— What is expected —
Using the listing below, please print exactly the lines from the one with "华北地区全程学费较低的三所院" through the one with "realistic macro photograph". Leave out every picture.

— Dataset entries —
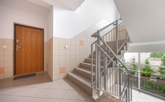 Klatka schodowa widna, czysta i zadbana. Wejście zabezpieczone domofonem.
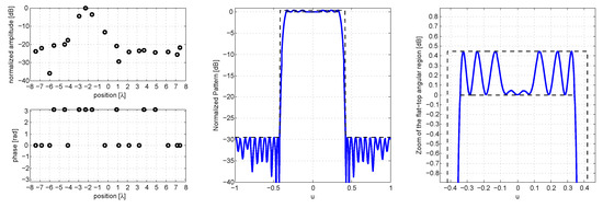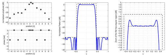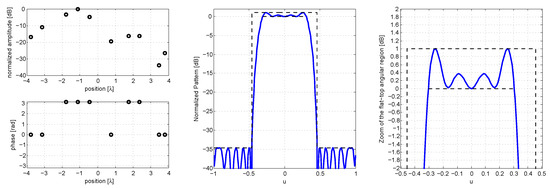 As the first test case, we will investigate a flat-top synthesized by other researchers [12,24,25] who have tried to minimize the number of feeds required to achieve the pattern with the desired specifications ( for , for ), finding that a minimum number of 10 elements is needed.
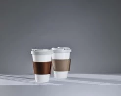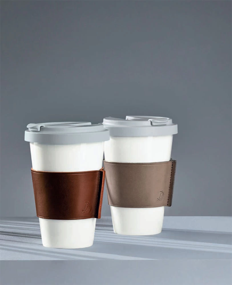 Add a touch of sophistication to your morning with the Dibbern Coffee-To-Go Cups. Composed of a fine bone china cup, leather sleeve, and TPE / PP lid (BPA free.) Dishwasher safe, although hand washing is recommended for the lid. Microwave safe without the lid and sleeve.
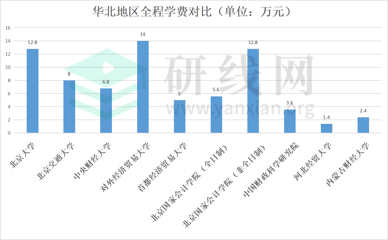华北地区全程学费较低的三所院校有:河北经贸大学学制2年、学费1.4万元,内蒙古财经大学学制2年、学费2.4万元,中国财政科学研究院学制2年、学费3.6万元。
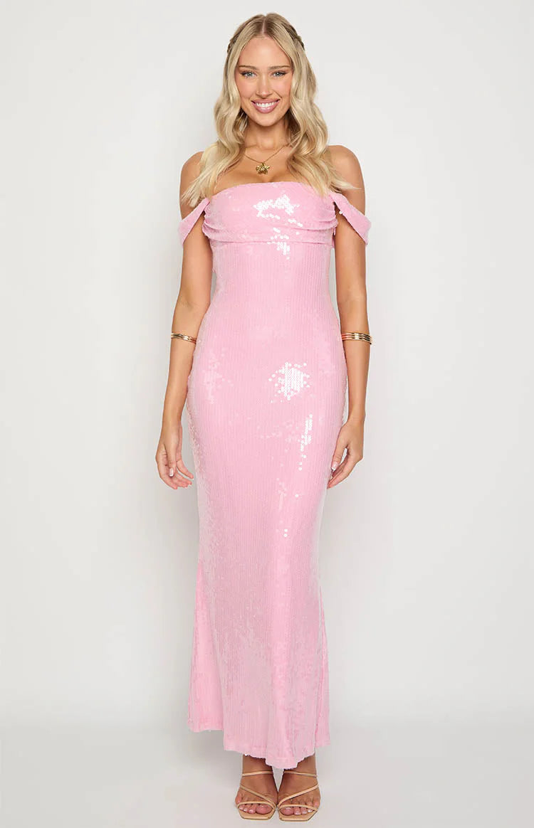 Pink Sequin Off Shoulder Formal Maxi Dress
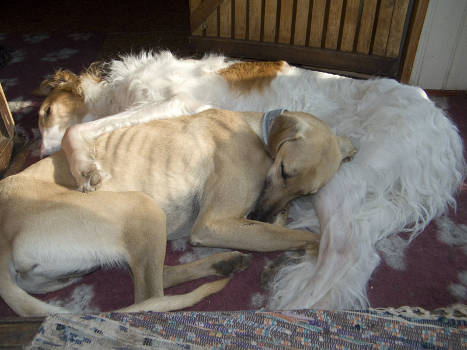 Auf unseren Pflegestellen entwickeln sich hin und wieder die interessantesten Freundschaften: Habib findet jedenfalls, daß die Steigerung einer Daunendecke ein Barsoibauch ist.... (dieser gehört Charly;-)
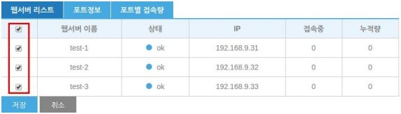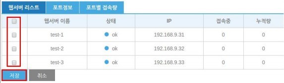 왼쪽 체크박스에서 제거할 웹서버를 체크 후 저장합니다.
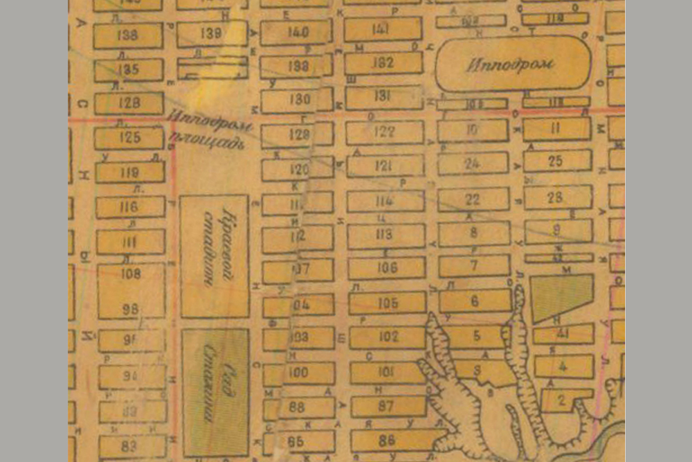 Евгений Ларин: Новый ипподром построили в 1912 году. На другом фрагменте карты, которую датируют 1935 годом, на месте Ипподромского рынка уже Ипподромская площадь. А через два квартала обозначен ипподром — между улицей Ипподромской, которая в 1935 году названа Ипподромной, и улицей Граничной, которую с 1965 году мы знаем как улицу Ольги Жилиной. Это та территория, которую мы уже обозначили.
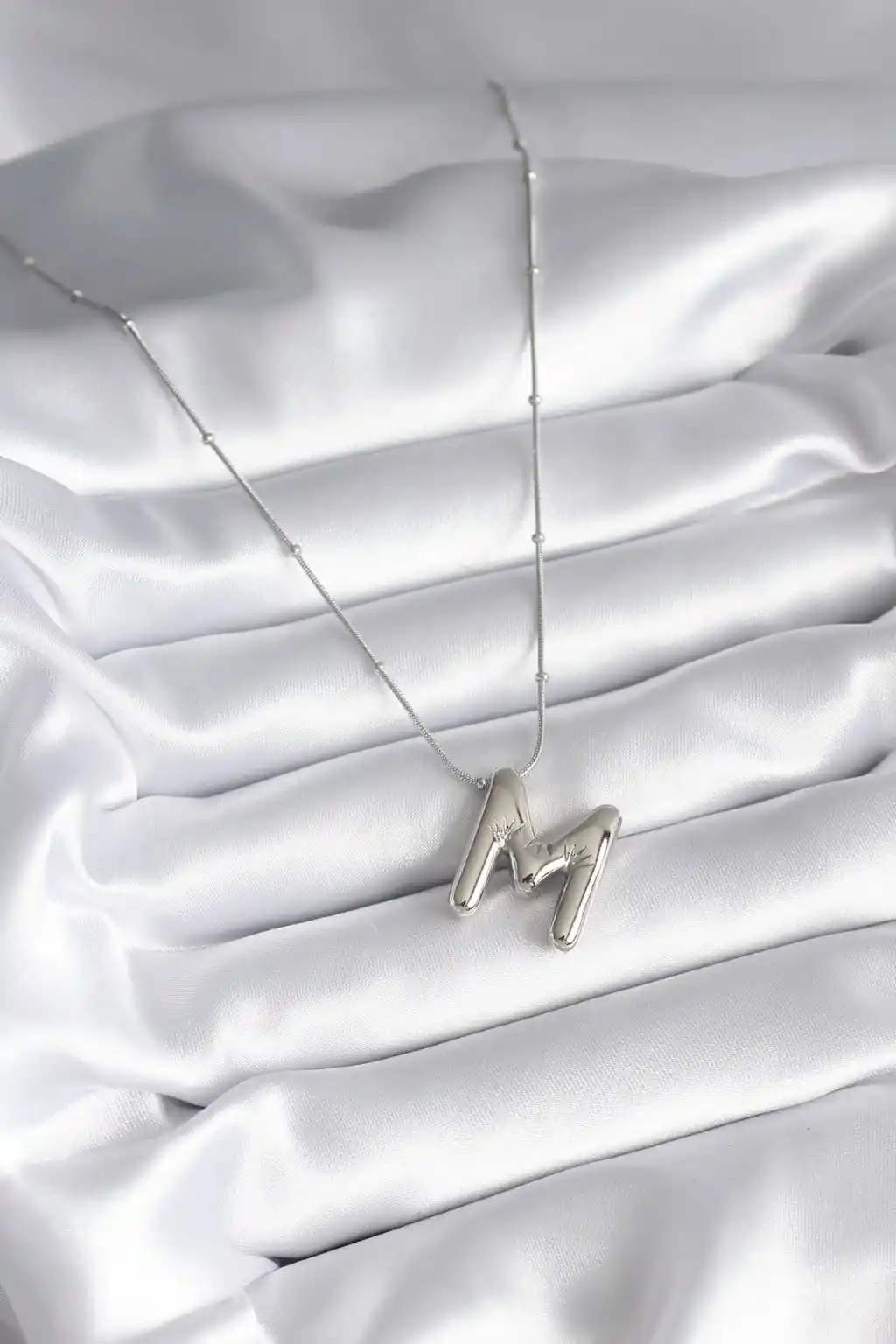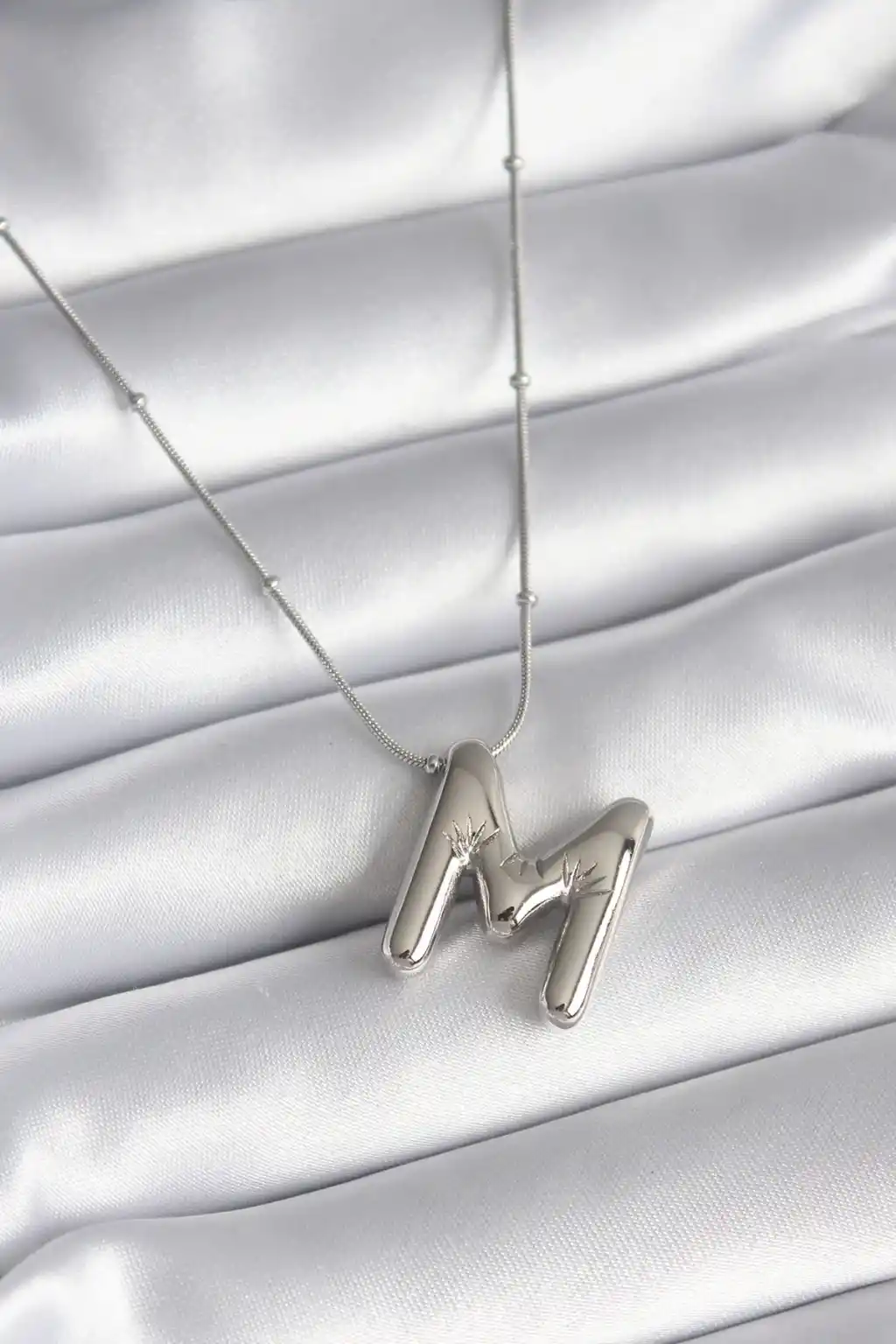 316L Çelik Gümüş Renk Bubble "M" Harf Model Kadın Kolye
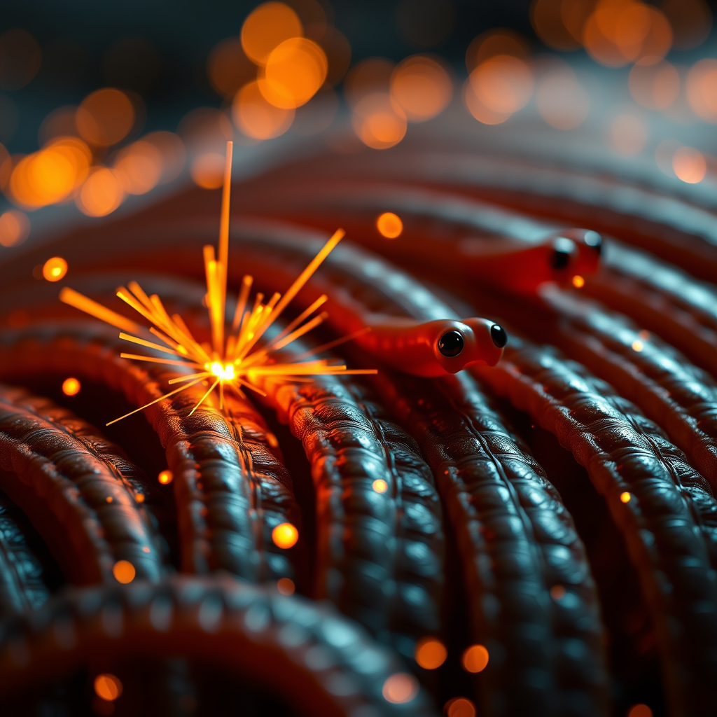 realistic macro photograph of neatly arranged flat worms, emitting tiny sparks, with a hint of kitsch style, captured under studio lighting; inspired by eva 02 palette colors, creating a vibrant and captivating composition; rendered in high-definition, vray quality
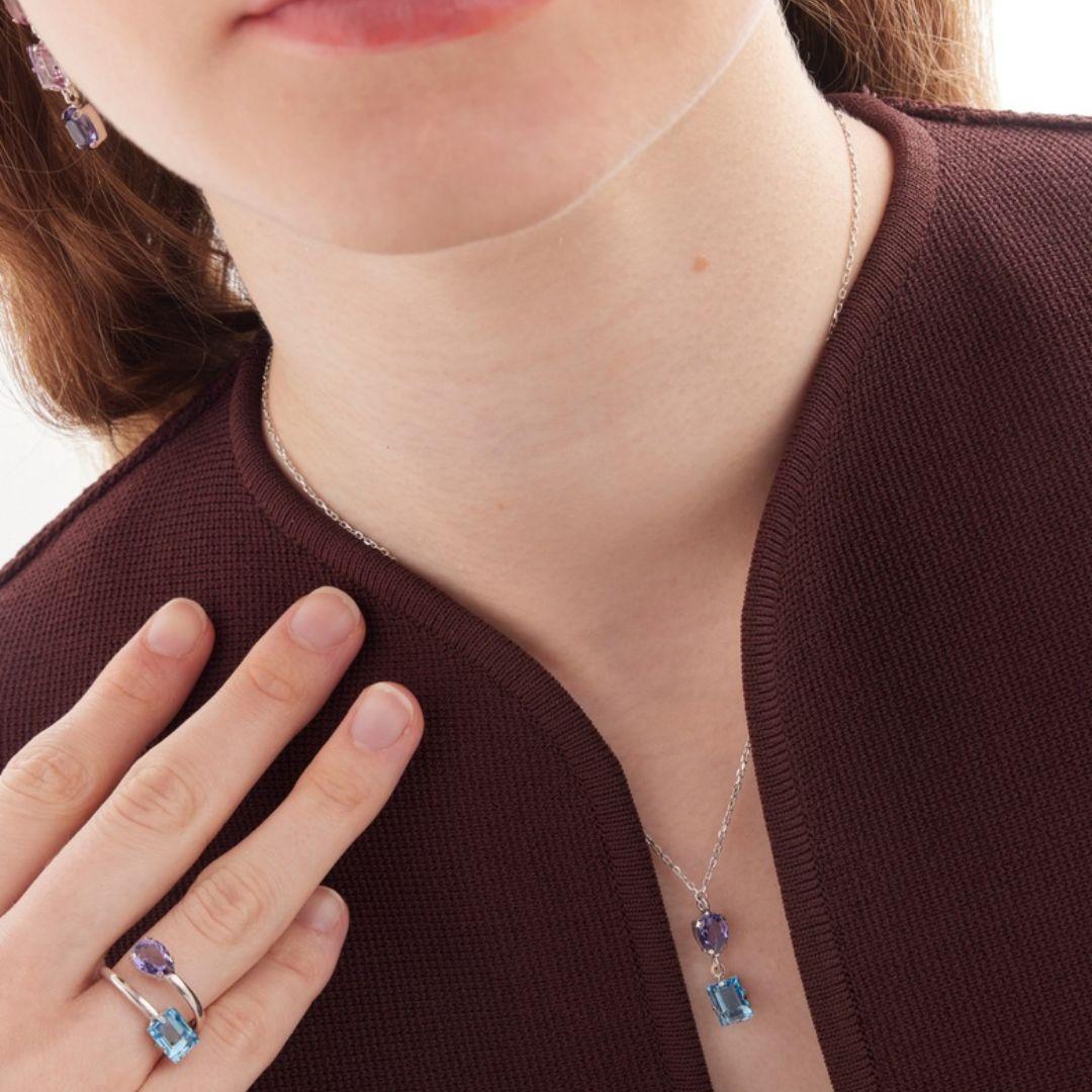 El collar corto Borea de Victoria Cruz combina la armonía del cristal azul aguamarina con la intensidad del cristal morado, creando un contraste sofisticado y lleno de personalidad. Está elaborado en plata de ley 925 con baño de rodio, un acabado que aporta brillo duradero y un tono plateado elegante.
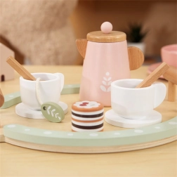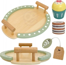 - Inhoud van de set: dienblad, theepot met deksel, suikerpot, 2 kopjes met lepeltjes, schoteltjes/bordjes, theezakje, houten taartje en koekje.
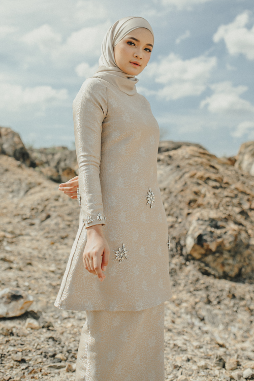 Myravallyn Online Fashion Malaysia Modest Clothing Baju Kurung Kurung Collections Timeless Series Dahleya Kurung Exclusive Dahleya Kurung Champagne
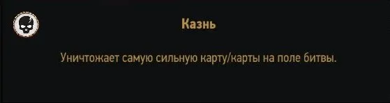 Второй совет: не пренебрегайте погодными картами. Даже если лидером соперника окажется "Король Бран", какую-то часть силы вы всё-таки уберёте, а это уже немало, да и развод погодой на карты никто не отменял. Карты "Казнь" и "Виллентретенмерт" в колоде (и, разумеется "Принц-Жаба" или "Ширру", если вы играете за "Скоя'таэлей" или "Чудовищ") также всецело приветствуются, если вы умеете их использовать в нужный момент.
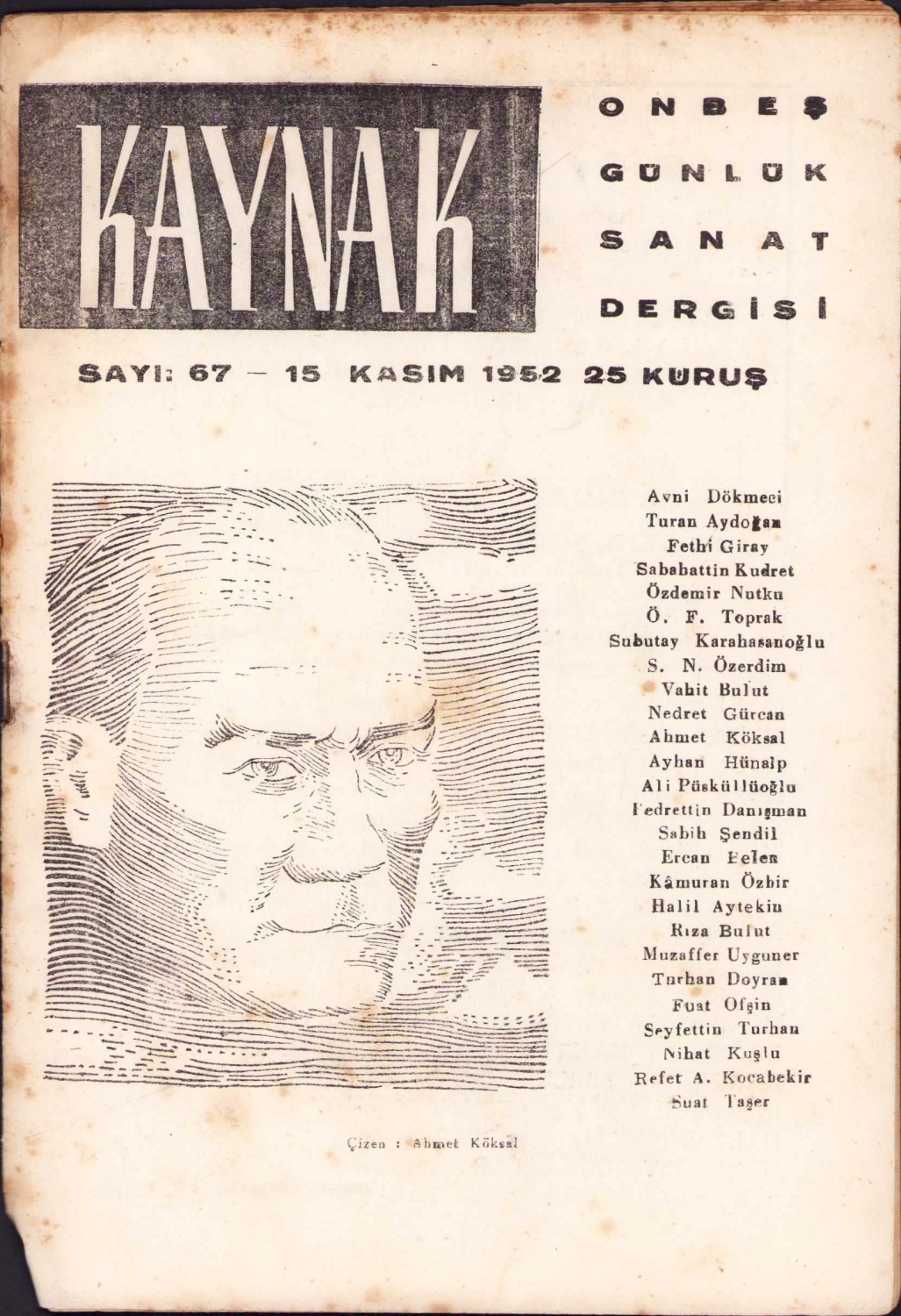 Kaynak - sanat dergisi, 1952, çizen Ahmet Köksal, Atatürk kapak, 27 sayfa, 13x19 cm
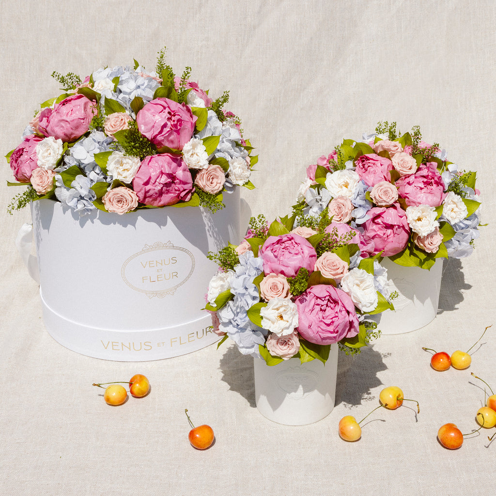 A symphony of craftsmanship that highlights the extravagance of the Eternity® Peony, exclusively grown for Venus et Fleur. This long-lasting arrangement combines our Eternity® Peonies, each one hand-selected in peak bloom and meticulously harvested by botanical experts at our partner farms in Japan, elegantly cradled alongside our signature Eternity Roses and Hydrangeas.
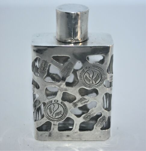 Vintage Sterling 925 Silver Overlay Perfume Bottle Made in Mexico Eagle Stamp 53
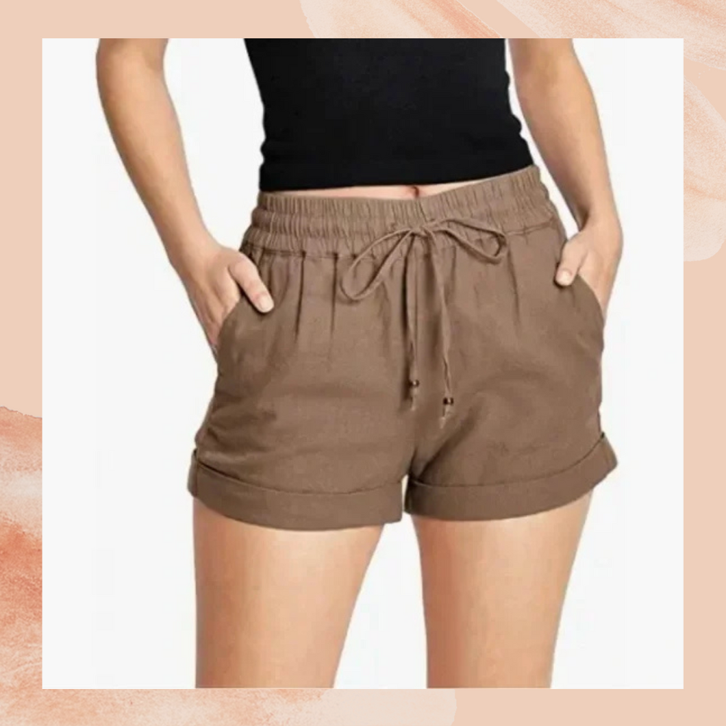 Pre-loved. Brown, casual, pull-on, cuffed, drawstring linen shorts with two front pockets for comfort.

— Expected output —
华北地区全程学费较低的三所院校有:河北经贸大学学制2年、学费1.4万元,内蒙古财经大学学制2年、学费2.4万元,中国财政科学研究院学制2年、学费3.6万元。
 Pink Sequin Off Shoulder Formal Maxi Dress
 Auf unseren Pflegestellen entwickeln sich hin und wieder die interessantesten Freundschaften: Habib findet jedenfalls, daß die Steigerung einer Daunendecke ein Barsoibauch ist.... (dieser gehört Charly;-)
 왼쪽 체크박스에서 제거할 웹서버를 체크 후 저장합니다.
 Евгений Ларин: Новый ипподром построили в 1912 году. На другом фрагменте карты, которую датируют 1935 годом, на месте Ипподромского рынка уже Ипподромская площадь. А через два квартала обозначен ипподром — между улицей Ипподромской, которая в 1935 году названа Ипподромной, и улицей Граничной, которую с 1965 году мы знаем как улицу Ольги Жилиной. Это та территория, которую мы уже обозначили.
 316L Çelik Gümüş Renk Bubble "M" Harf Model Kadın Kolye
 realistic macro photograph of neatly arranged flat worms, emitting tiny sparks, with a hint of kitsch style, captured under studio lighting; inspired by eva 02 palette colors, creating a vibrant and captivating composition; rendered in high-definition, vray quality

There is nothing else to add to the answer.